No film in the history of cinema has succeeded in being more "outrageously funny" than the satirical, defiantly un-P.C. mockumentary Borat: Cultural Learnings of America For Make Benefit Glorious Nation of Kazakhstan. The genius of Sacha Baron Cohen's long-practiced character of Kazakhstani journalist Borat Sagdiyev is in his imperturbability as he spews racist, sexist, and homophobic invective, but also in that his outrageousness doesn't meet with outrage as often as you'd think.

Cohen begins his international assault in "Kazakhstan," depicted as nothing but a poor, dirty, rural backwater. There, in humorously garbled English, Borat proudly tells the camera that he's from a long line of rapists, that his sister is "number four prostitute in all of Kazakhstan," and that his nation is glorious despite a few problems: "economic, social, and Jew." Cohen, who is Jewish, depicts Kazakhstan as uncivilized in every way, especially its supposed virulent anti-Semitism and savage lack of sexual and hygenic boundaries.

A publicly unrepentant Cohen probably feels obligated to stay true to the character he established on Da Ali G Show, so despite Kazakhstan's best efforts to embrace its Jewish population and rehabilitate the image Cohen presents, Borat won't be renouncing his citizenship any time soon. The performer obviously intends this unfair depiction of Kazakhstan to be part of the satire, lampooning backwards notions wherever they appear. Given the skewering of America that follows, Cohen and co-screenwriters Anthony Hines, Peter Baynham, and Dan Mazer may also mean their extremity subversively to mock the Western tendency to caricature any non-Western culture.

Even if you don't give the filmmakers that much credit, Borat focuses on thoroughly embarrassing American values. Borat—a dim bulb in any country—craps in front of Trump Tower and masturbates to fashion ads in the street. America baffles him, but he quickly falls in love with its plenty and, in particular, its greatest beauty: Pamela Anderson. Reverently wrapping Baywaytch: The Official Scrapbook in velvet, Borat pledges to find and win the beauty whose "red water panties" give him a "romance explosion."

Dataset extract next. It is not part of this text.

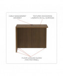 Universal application office furniture piece that can be used as either as a return or bridge to create "U" or "L" shaped workstations. Durable, 1'' thick worksurface and side panels are water, scratch and dent-resistant. Full-height modesty panel. Flexible design that adapts to right or left-handed configurations. Fitted with one wire management grommet to keep cords tucked away for increased organization and safety. Protective 3 mm edge banding.

Cohen and director Larry Charles (Curb Your Enthusiasm) integrate staged scenes with the highlights of Da Ali G Show: caught-on-tape encounters of Borat with real people. At a real Virginia rodeo, Borat amiably chats with the proprietor about killing homosexuals, then whips up the crowd in a patriotic frenzy by celebrating America's supposed goal of killing "every man, woman, and child in the Middle East" in what Borat praises as our "war of terror" (led, of course, by "mighty US warlock premier Bush"). For an encore, Borat mangles two national anthems at once. Cohen wants the edge on your laughs, his reckless humor leaving an unsettling aftertaste.

In one hilarious setpiece after another, Borat becomes the proverbial bull in the antique shop (literally, in one ruthless attack on Confederate memorabilia). Since subtlety isn't a priority, Cohen and Charles throw their anti-hero directly into the most volatile situations: he meets with feminists, etiquette and humor coaches, American politicans, the gay-pride crowd, and frat boys travelling in an RV (let's not even start in on the Pentecostal revival meeting Cohen crashes). Wisely, Cohen gives Borat a foil in stocky companion Azamat (Ken Davitian); a tussle between the two, late in the picture, proves the extraordinary lengths to which Cohen will go in their pursuit of delirium. No premise is too outrageous, and no decorous sensibility is safe.